Lo que en un primer momento le había resultado una de
las características más agradables de Manuel, su indiferencia
natural para todo lo que no fueran sus juegos, ahora comenzaba
a preocuparlo. Le parecía que cada día el niño estaba más
aislado, más escaso en sus interacciones. Temía que todo aquello
que al principio no parecía perturbarlo en realidad le preocupara
y atemorizara más de lo que habían creído. Como no tenía
mucho para hacer, trató de acompañarlo en la mayor cantidad
de juegos posibles. Manuel, si bien sonreía y daba alguna señal
de disfrutar la compañía, en realidad no variaba mucho su
conducta si jugaba sólo o no.
A medida que el frío se hacía más fuerte, comenzó a
necesitarse cada vez más leña y decidieron empezar a compartir
casa. No tenía sentido estar gastando leña en calefaccionar dos
lugares. La cabaña de la cual habían retirado la puerta era la
mejor candidata, no sólo por su estado actual ya que pudo
resistir al saqueo sino que por eso mismo los hacía sentir más
seguros en caso de que uno nuevo los tomara desprevenidos.
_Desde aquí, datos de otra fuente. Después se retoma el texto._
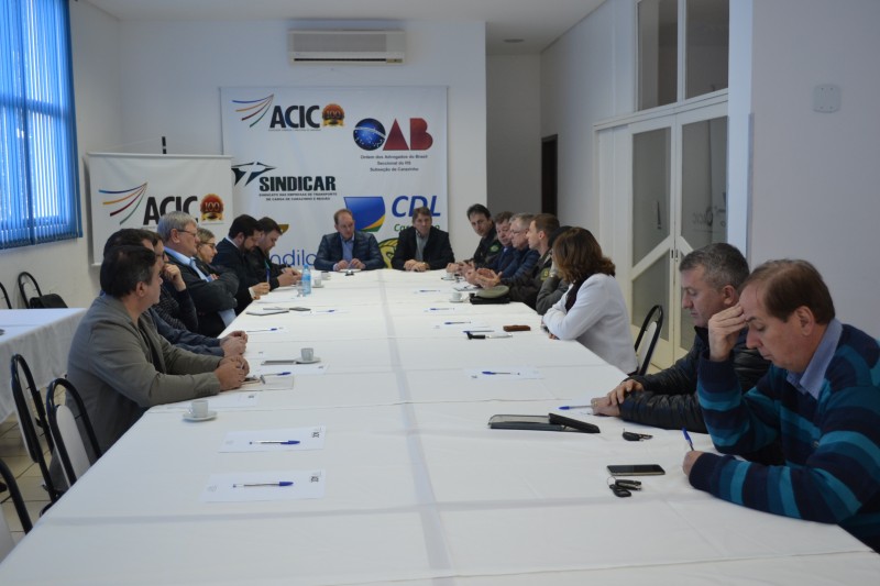 Nesta quinta-feira, 03, uma nova reunião ocorrida no Palácio do Comércio, em Carazinho, discutiu a questão da segurança pública na cidade. Participaram o prefeito Milton Schmitz; o secretário municipal de Desenvolvimento, Deninson Costa; o secretário da Fazenda, Adroaldo De Carli; o assessor jurídico da prefeitura, Antônio Azir; o presidente da Câmara de Vereadores, Estevão De Loreno; o comandante interino do 38 BPM, capitão Jarbas Bohrer; a delegada Rita De Carli; o policial rodoviário federal, Carlos Alberto Rezende; presidentes e representantes das entidades de classe e empresariais do município.

Reubicaron la puerta y se instalaron ahí. Los tres estuvieron
contentos con la decisión, que de alguna manera legitimaba una
situación que de hecho ya llevaba un tiempo ocurriendo. El
único que no parecía disfrutar de esta determinación y sólo la
acataba a medias era Cloto. Los primeros días repartía sus horas
entre la nueva cabaña y la vieja. Sin embargo, el frío obligó al
gato a decidirse finalmente por la primera.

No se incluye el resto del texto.